> **INFORMATION SUPPLIED**
══════════════════════════════

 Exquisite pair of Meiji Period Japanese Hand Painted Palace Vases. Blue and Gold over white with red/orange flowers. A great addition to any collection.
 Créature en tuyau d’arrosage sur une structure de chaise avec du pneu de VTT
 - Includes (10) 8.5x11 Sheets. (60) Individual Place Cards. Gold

══════════════════════════════

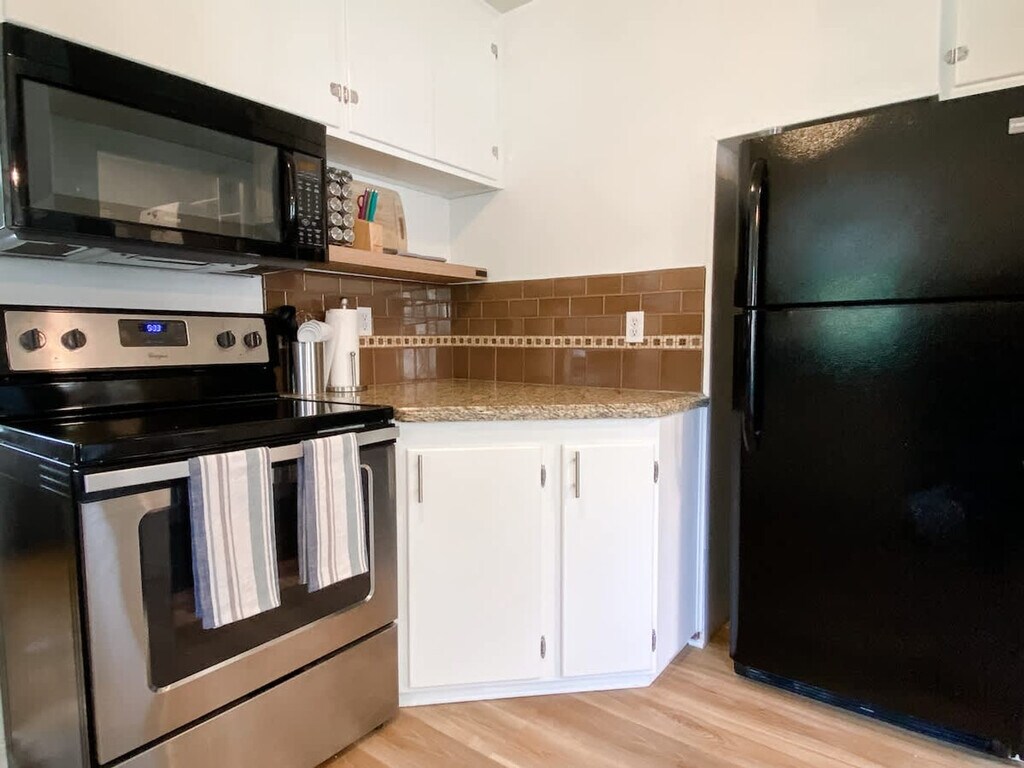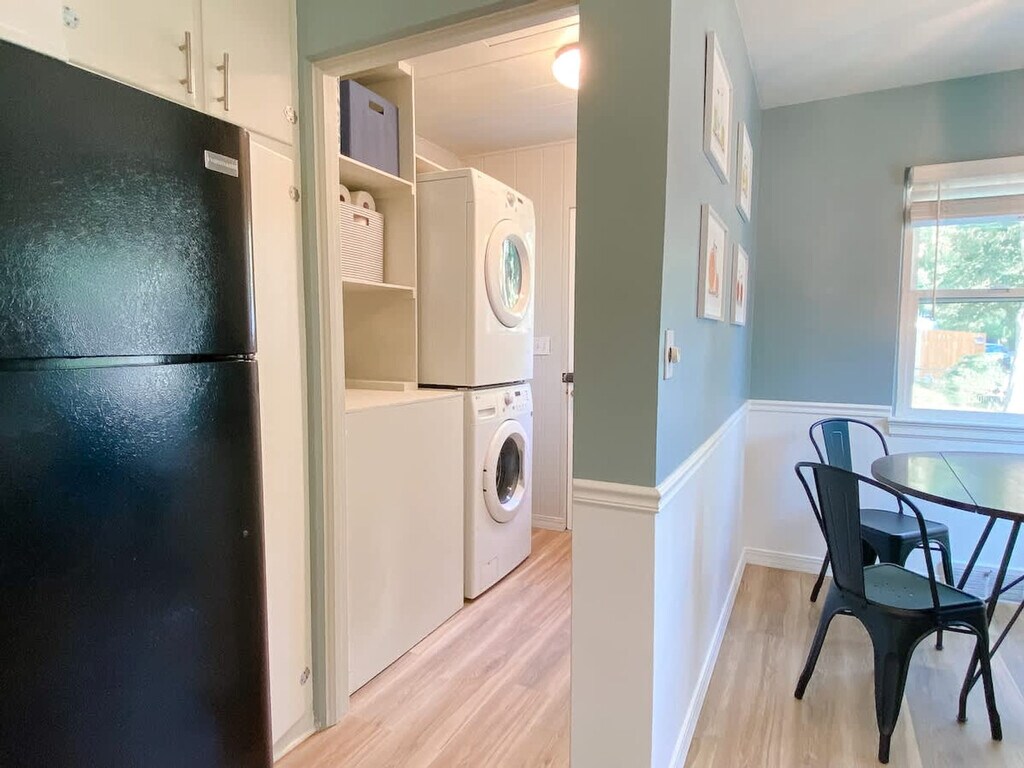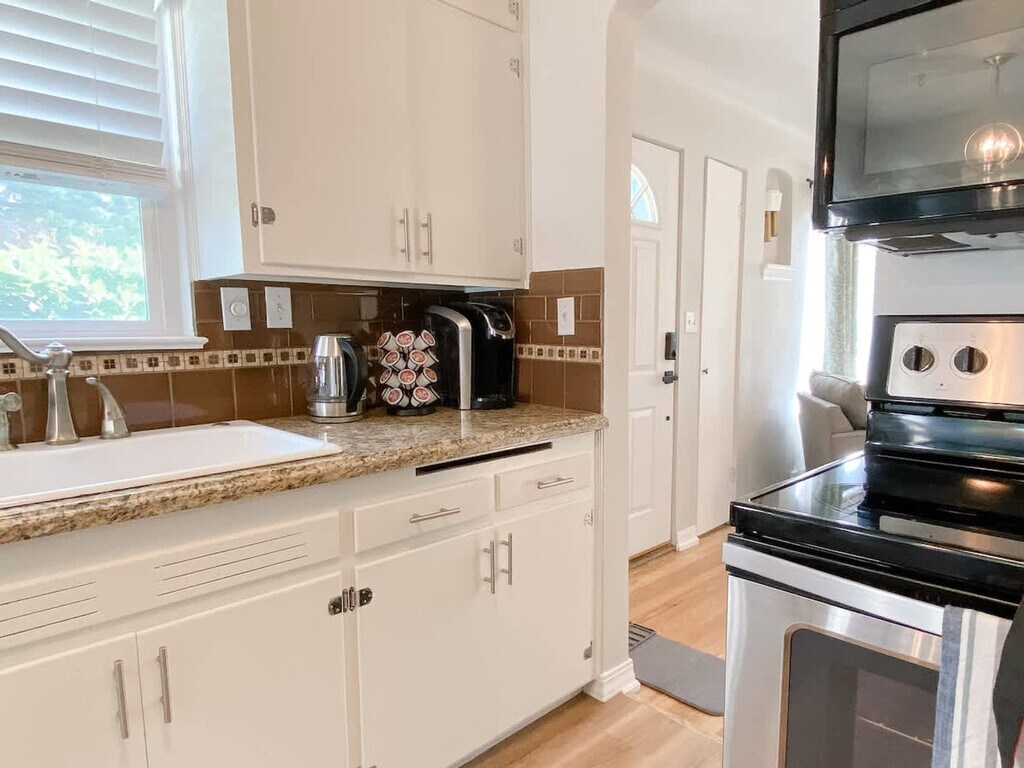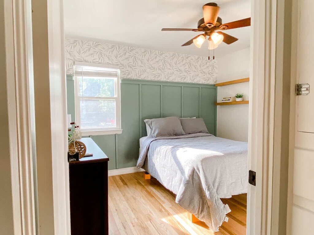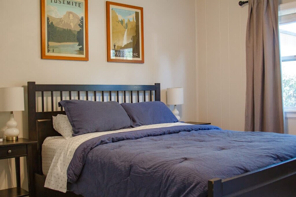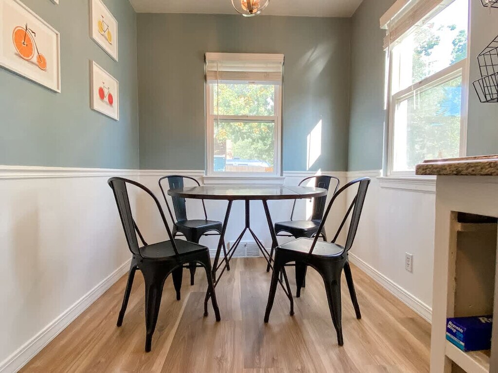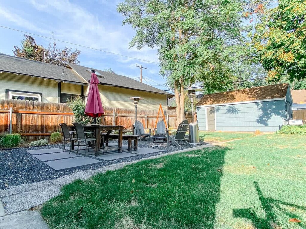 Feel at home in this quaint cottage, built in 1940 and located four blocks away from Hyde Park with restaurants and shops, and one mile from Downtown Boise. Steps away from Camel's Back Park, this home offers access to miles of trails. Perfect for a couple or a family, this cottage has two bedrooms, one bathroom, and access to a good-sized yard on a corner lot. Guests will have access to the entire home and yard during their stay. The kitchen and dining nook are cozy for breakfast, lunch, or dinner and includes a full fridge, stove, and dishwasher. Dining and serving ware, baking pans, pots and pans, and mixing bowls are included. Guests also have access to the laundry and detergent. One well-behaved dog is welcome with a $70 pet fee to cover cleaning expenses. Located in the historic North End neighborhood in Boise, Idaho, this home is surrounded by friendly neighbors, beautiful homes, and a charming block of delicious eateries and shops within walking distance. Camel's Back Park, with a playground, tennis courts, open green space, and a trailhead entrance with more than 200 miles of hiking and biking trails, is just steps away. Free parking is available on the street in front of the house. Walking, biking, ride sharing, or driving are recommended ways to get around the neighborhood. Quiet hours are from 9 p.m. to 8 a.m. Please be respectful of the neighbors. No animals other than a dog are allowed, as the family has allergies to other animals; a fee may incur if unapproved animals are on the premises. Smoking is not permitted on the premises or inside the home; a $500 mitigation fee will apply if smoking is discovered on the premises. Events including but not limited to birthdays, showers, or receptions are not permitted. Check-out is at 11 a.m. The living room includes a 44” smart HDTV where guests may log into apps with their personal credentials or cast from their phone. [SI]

══════════════════════════════

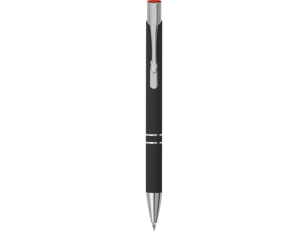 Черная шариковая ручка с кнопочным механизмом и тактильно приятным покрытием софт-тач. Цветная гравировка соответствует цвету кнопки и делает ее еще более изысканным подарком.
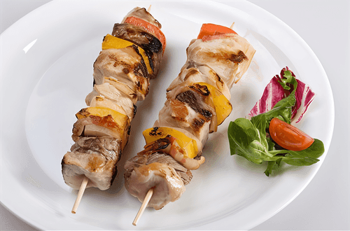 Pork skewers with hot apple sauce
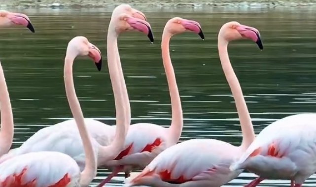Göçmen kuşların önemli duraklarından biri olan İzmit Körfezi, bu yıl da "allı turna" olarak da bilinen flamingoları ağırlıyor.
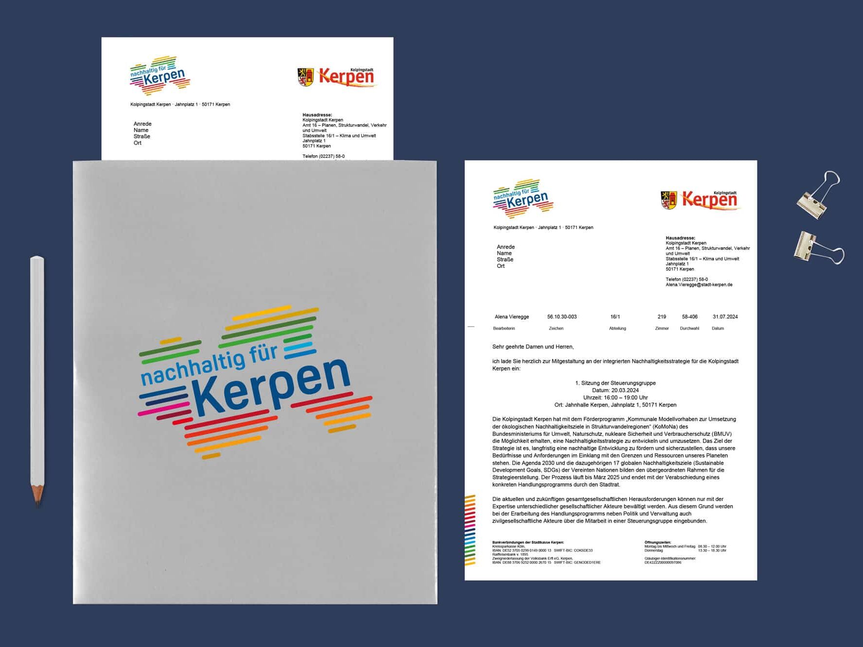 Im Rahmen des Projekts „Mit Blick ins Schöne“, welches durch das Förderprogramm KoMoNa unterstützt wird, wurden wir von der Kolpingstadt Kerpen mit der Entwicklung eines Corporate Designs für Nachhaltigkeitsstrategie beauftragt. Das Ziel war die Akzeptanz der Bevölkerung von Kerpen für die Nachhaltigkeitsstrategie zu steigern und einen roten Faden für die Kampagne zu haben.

══════════════════════════════

> **EXERCISE DIRECTIONS**
Copy every line that contains "Gold" from the listing above.

> **ANSWER TO THIS TASK**
 Exquisite pair of Meiji Period Japanese Hand Painted Palace Vases. Blue and Gold over white with red/orange flowers. A great addition to any collection.
 - Includes (10) 8.5x11 Sheets. (60) Individual Place Cards. Gold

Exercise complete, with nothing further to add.